__What this task involves__
Given the entries below, would you transcribe exactly the lines starting at the one with "Провёл большую серию" and ending at the one with "South Capital 1-bedroom, 1-bath", both kept, pictures omitted, nothing extra?

Input data START

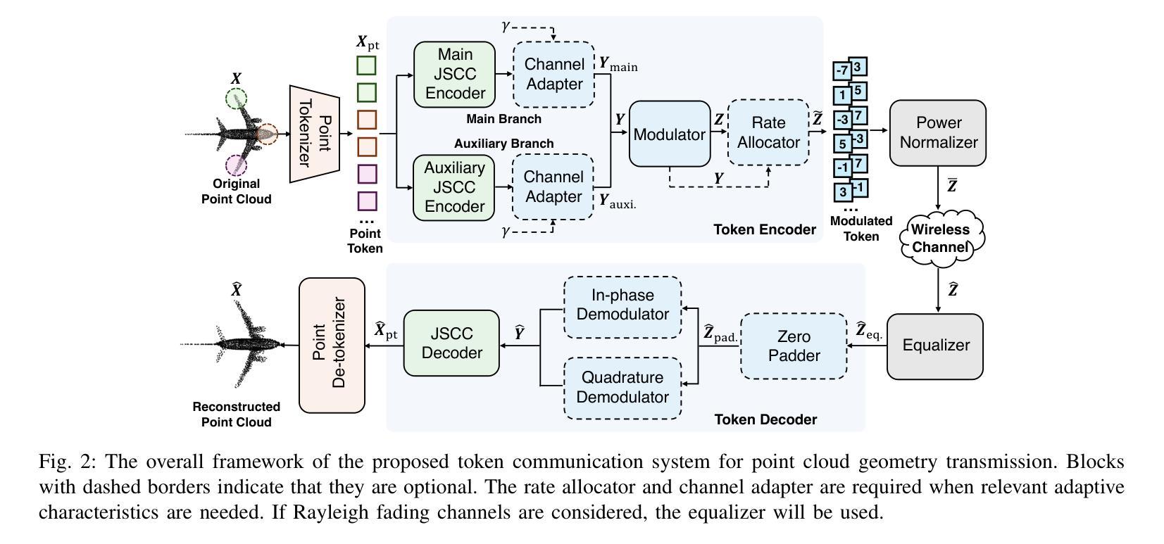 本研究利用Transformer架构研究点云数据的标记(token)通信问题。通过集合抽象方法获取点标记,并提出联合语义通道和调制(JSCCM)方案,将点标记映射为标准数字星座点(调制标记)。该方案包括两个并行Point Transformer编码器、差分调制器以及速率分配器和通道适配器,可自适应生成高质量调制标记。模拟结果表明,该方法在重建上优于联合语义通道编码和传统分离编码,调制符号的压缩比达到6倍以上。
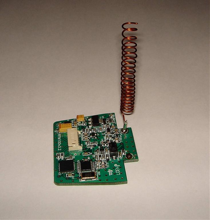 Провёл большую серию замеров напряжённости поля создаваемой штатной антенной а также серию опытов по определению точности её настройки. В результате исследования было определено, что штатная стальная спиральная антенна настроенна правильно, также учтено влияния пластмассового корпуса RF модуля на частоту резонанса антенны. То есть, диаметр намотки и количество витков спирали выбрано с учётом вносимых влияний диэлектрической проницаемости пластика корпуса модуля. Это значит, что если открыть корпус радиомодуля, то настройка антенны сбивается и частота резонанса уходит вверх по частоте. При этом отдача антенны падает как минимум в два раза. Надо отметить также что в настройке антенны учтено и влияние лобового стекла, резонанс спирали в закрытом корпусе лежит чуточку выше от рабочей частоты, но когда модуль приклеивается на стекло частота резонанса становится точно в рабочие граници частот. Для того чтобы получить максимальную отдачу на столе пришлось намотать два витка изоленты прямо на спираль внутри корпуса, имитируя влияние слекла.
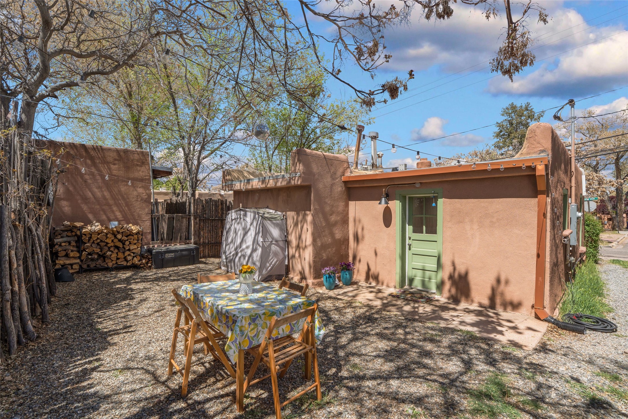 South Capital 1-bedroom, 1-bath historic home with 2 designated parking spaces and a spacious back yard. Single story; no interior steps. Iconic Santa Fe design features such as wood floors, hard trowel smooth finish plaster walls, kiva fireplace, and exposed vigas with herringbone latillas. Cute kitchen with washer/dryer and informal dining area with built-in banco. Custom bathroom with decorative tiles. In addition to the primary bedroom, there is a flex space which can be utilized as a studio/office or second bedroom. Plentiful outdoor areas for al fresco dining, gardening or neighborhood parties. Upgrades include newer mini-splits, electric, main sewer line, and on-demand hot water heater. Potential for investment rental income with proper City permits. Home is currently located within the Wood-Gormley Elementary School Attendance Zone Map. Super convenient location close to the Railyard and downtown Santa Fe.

Input data END
Input data START

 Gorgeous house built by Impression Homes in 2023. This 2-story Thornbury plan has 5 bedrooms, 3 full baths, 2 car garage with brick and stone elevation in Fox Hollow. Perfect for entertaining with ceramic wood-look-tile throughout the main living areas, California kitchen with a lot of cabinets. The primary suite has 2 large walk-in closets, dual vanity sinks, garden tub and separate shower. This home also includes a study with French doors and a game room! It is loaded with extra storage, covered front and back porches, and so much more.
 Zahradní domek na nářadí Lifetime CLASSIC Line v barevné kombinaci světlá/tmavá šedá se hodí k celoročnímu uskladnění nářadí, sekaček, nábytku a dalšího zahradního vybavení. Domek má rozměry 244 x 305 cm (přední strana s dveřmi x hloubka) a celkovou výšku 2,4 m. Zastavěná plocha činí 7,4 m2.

Input data END

__Your response__
 Провёл большую серию замеров напряжённости поля создаваемой штатной антенной а также серию опытов по определению точности её настройки. В результате исследования было определено, что штатная стальная спиральная антенна настроенна правильно, также учтено влияния пластмассового корпуса RF модуля на частоту резонанса антенны. То есть, диаметр намотки и количество витков спирали выбрано с учётом вносимых влияний диэлектрической проницаемости пластика корпуса модуля. Это значит, что если открыть корпус радиомодуля, то настройка антенны сбивается и частота резонанса уходит вверх по частоте. При этом отдача антенны падает как минимум в два раза. Надо отметить также что в настройке антенны учтено и влияние лобового стекла, резонанс спирали в закрытом корпусе лежит чуточку выше от рабочей частоты, но когда модуль приклеивается на стекло частота резонанса становится точно в рабочие граници частот. Для того чтобы получить максимальную отдачу на столе пришлось намотать два витка изоленты прямо на спираль внутри корпуса, имитируя влияние слекла.
 South Capital 1-bedroom, 1-bath historic home with 2 designated parking spaces and a spacious back yard. Single story; no interior steps. Iconic Santa Fe design features such as wood floors, hard trowel smooth finish plaster walls, kiva fireplace, and exposed vigas with herringbone latillas. Cute kitchen with washer/dryer and informal dining area with built-in banco. Custom bathroom with decorative tiles. In addition to the primary bedroom, there is a flex space which can be utilized as a studio/office or second bedroom. Plentiful outdoor areas for al fresco dining, gardening or neighborhood parties. Upgrades include newer mini-splits, electric, main sewer line, and on-demand hot water heater. Potential for investment rental income with proper City permits. Home is currently located within the Wood-Gormley Elementary School Attendance Zone Map. Super convenient location close to the Railyard and downtown Santa Fe.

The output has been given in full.